As earlier assumed in the answer for (f) above, the probability of completing the project in 23 days as in the Z-score table for normally distributed data is,

(1-.99305)=0.00695

There is, therefore, a very slim chance of completing the above tasks within this time (22 days).

## A brief summary on the implications of the analysis

The management needs to allot more time as the analysis has clearly shown that the management may be overly optimistic, especially as depicted in the probabilistic analysis in the last part of the analysis.

The technique is important in regards to scheduling and project control; this is necessitated by the need to use scarce diverse resources to accomplish tasks within the given time, cost and quality requirements. The project management team is required to ensure it does not exceed the budget cost. Since it uses probability, the technique is effective in helping meet deadlines through the use of alternative plans. Meeting the contract date is useful in maintaining good relations with the clients. When used in an integrated project environment, it gives experience to the project team. In addition, it is necessary for complex tasks and activities. Through breaking these tasks into smaller sub-units, it aids in the controlling function of management (Wiest et al., 1974).
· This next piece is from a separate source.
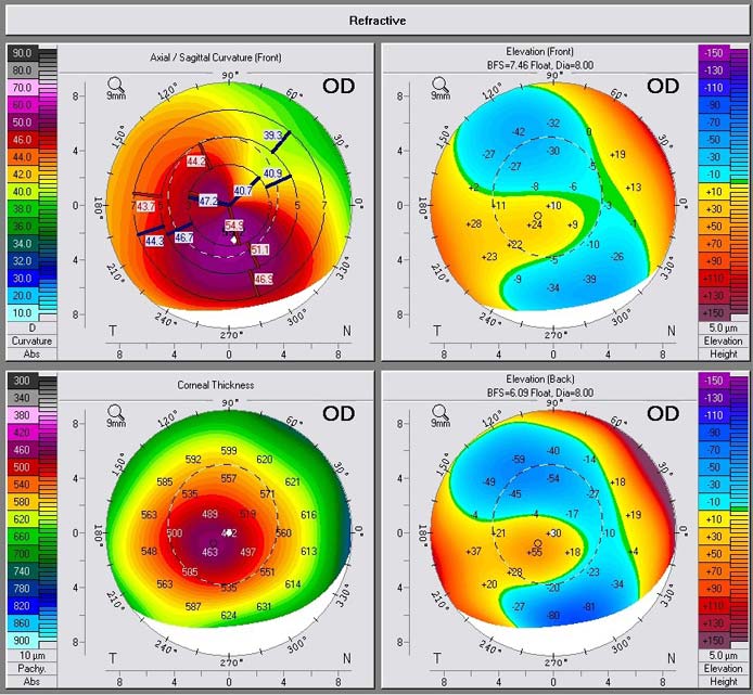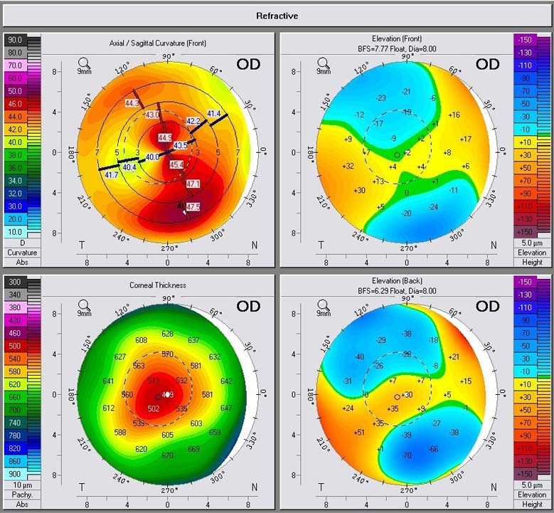 После проведённого нами комбинированного лечения также произошло снижение и рефрактометрических показателей. После имплантации интракорнеальных колец + корнеального кросслинкинга острота зрения повышалась в соответствии со стабилизацией рефракции, а после топографической фоторефрактивной кератэктомии удалось устранить остаточный рефракционный астигматизм и повысить остроту зрения до максимальных значений.

In addition, the analysis facilitates understanding dependencies and improving overlapping tasks. Therefore dependencies of different activities can clearly be visualized and addressed in good time. This is very vital in the construction industry since the percentage completion is difficult to estimate, especially in the early stages. Despite its usefulness, the analysis is an estimate and based on a person’s opinion; hence it is subjective and can be biased. Its degree of accuracy is thus questionable, and the time estimates have no proven origin or source. Moreover, the project evaluation review technique does not consider cost factors and requires to be used alongside other techniques (Render et al., 1982).

It is important that the management addresses the need for experienced project managers to supervise the project in order to minimize subjectivity and the need to clearly define the scope of the project in regard to changes that need to be made in future. Finally, the management should consider incorporating other stakeholders other than the project management team in view of encouraging accountability (Render et al., 1982).

## List of References

Render, Barry and Stair Jr., Ralph M. (1982). Quantitative Analysis for Management, Massachusetts: Allyn & Bacon Inc., pp. 525-563.

Wiest, Jerome D., and Levy, Ferdinand K., (1974). A Management Guide to PERT/CPM, New Delhi: Prentice-Hall of India Private Limited.